Retirement can be a daunting challenge for many people both young and old alike. When people are just starting their working careers, saving for a retirement that maybe 40 years away is the least of their worries. When you are in your mid-20’s you just got out of college and are worried about how you are going to pay your student loans much less save for something so far away. Then in your 30’s and 40’s you are worried about buying a house and paying for your children’s expenses. And finally in your 50’s and 60’s you are finishing paying for college for your children and maintaining the house you bought earlier that now needs possible major repairs. But no matter where you are in your life it is never too late to invest in your retirement future. And in many cases if you start early you do not have to save large sums of money. For assistance in saving for retirement seek out a Registered Financial Counselor or RFC to assist you in this endeavor.
Start before it is too late to make huge differences
The sooner you can start saving, the better off you will be, no matter what or how you approach this situation later in life. Why? Simple, compounding works in your favor and is a true wonder of the financial world. Compounding is when you invest a set amount of money into an account, and that money earns interest then that will be added to your principal and earn even more money, and it will continue to grow over the years. And the longer you allow the funds to grow the more you will end up saving. Sometimes, with little outlay of principal compared to what your account may end up within decades.

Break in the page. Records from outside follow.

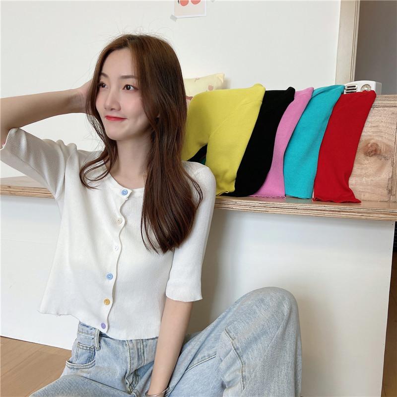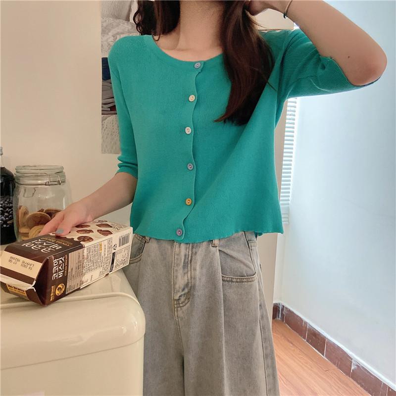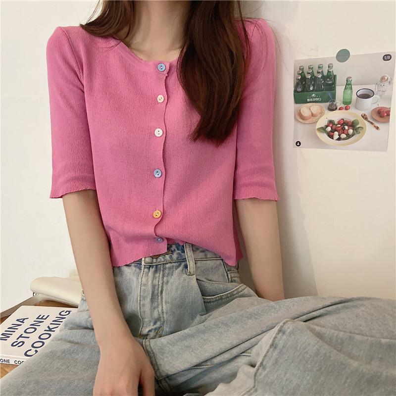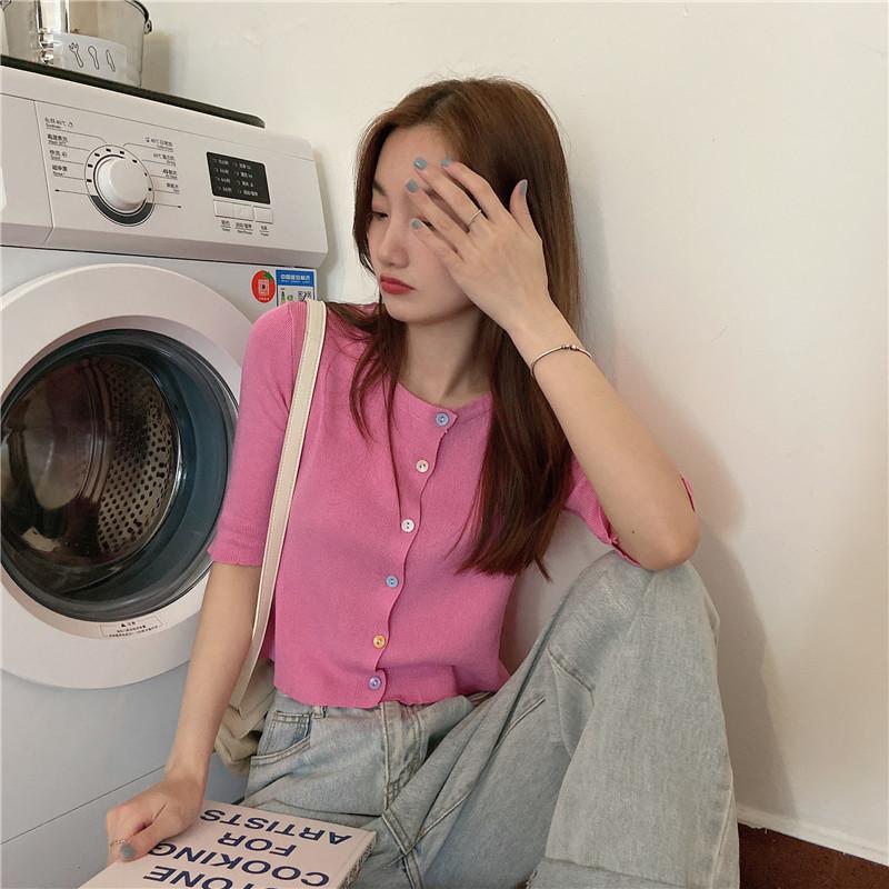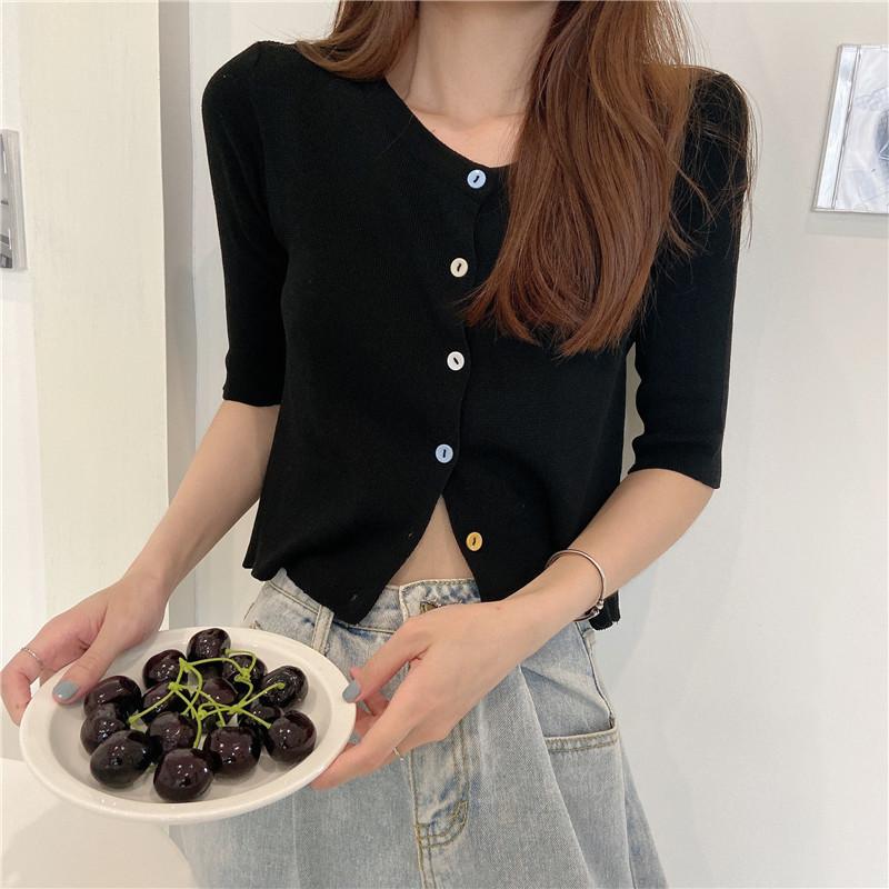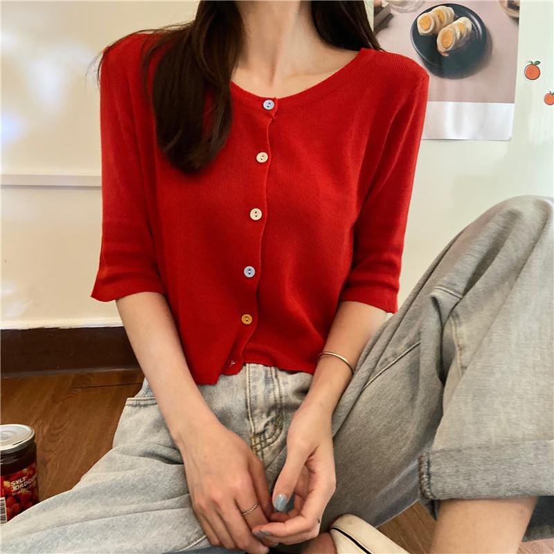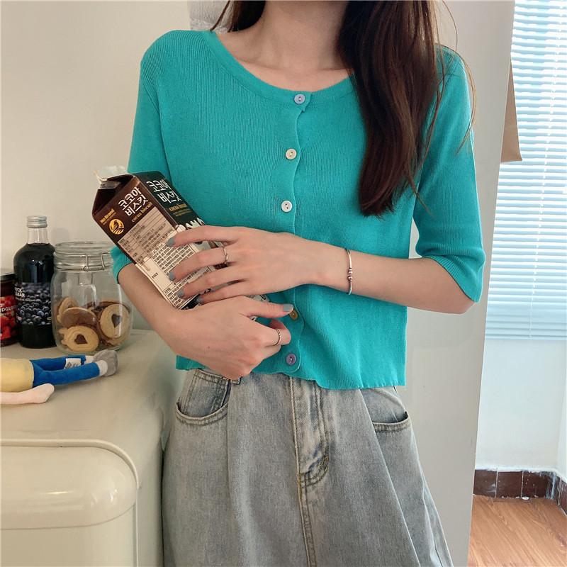 Cárdigan corto elegante de punto para mujer, estilo coreano nuevo 2024, corte entallado, adelgazante, cuello redondo, seda fría colorida, manga corta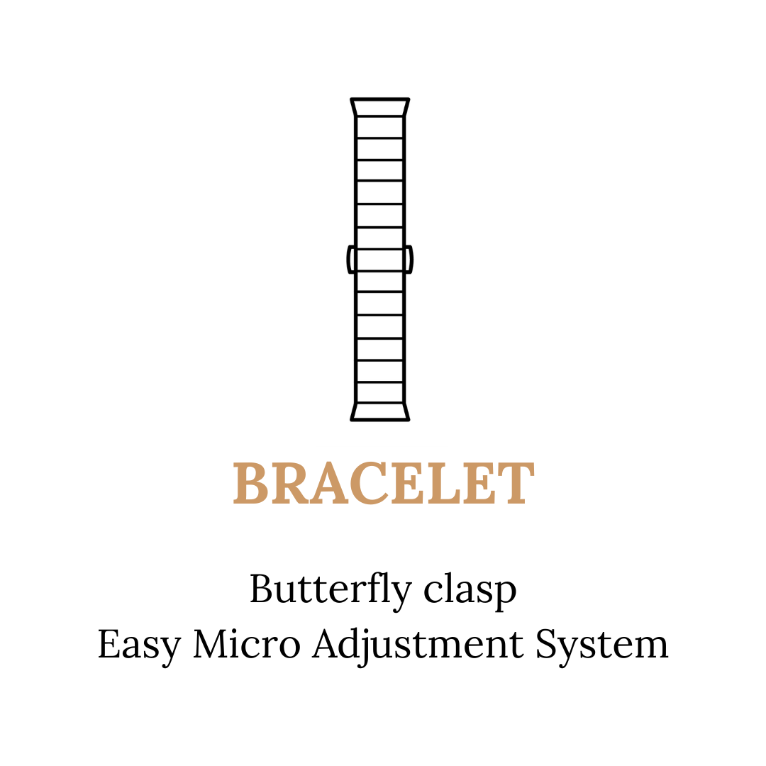 The bracelet tapers from 22mm to 16mm and features a butterfly clasp with micro-adjustments—without any tools simply unclip to adjust the length, ideal for tropical climates or long flights.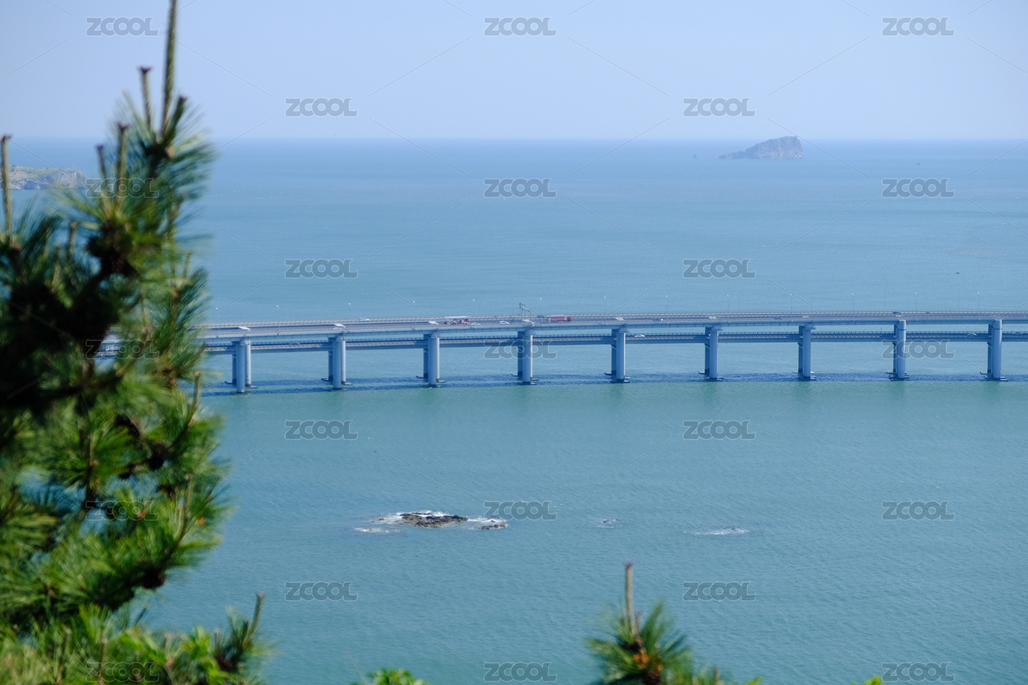 大连西尖山公园山顶远眺星海湾跨海大桥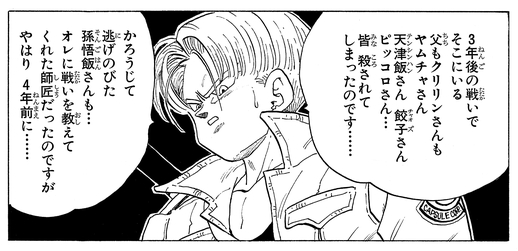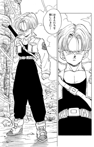 Trunks bat facilement Frieza et son père, venus sur Terre pour se venger de Goku. Une fois Goku revenu de la Planet Namek, Trunks lui dit que dans trois ans les androïdes créés par le Dr. Gero, un ancien membre de l' Red Ribbon Army, apparaîtront et tueront tous les guerriers de la Terre et que Goku succombera à une maladie. .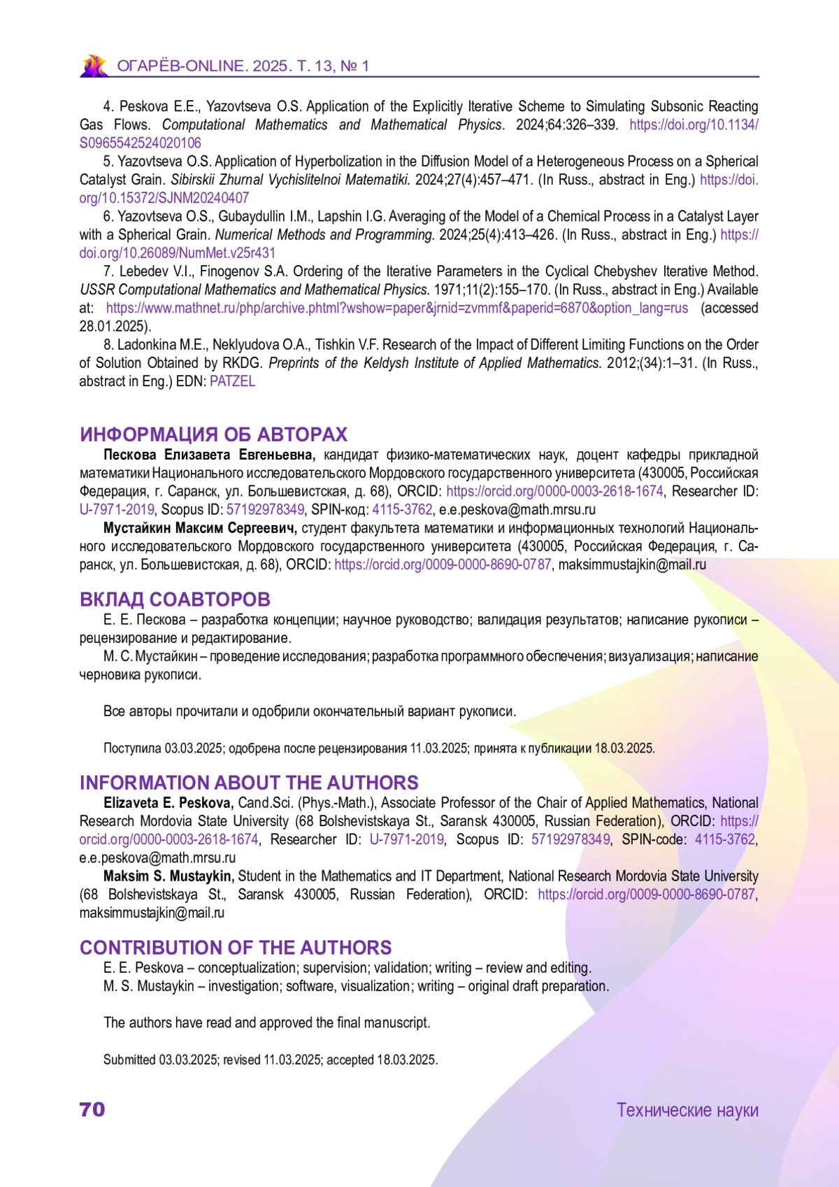 6. Язовцева О. С., Губайдуллин И. М., Лапшин И. Г. Осреднение модели химического процесса в слое катализатора со сферической формой зерна // Вычислительные методы и программирование. 2024. 25, № 4. 413-426. DOI: 10.26089/NumMet.v25r431

Yes, the government allows individuals over the age of 50 to save extra catch up contributions in your Individual Retirement Accounts and workplace 401(k) accounts, but by waiting you are only hurting yourself by not allowing for your money to take full advantage of the compounding effect. So start early in your working career by setting aside something on an automatic basis that will earn you modest returns for decades to come.
By the numbers
Let us examine some key ages that you could start saving $300 a month until you reach the age of 67, full retirement age for most Generation X and later generations. In this exercise, we will assume the monthly contribution will make a modest 7% return, which is an achievable goal, to say the least. For more information see the table below:
Age | Contribution | Value at 67 | Invested | Profit |
25 | $ 300.00 | $918,439 | $ 151,200 | $767,239 |
35 | $ 300.00 | $431,023 | $ 115,200 | $315,823 |
45 | $ 300.00 | $188,487 | $ 79,200 | $109,287 |
55 | $ 300.00 | $67,802 | $ 43,200 | $24,602 |
As you can see, if you start at age 25 and set aside $300 a month until age 67 you will have saved $151,200 and have gains of $767,239 for a total of just under a million dollars at your full retirement ago. Now imagine you had an IRA and saved the maximum $6,000 a year for 42 years instead of $3,600. You would have a nice nest egg at age 67 in that case. In face about $1,384,000 to retire with.
The power of compounding
Now you can see that the power of compounding over the decades can be a very powerful tool in your goal to retire comfortably or work well into your golden years. By waiting you are depriving yourself of some serious gains that all you have to do to obtain is sit back and let your money work for you while you are living your everyday life.
Do not delay investing in your future and get started today by investing in yourself first and foremost. There will be some version of Social Security when you retire, but it may not be what people are collecting today. Plan for and prepare to fund your retirement and seek out the assistance of a Registered Financial Consultant to help you prepare for and plan for your retirement.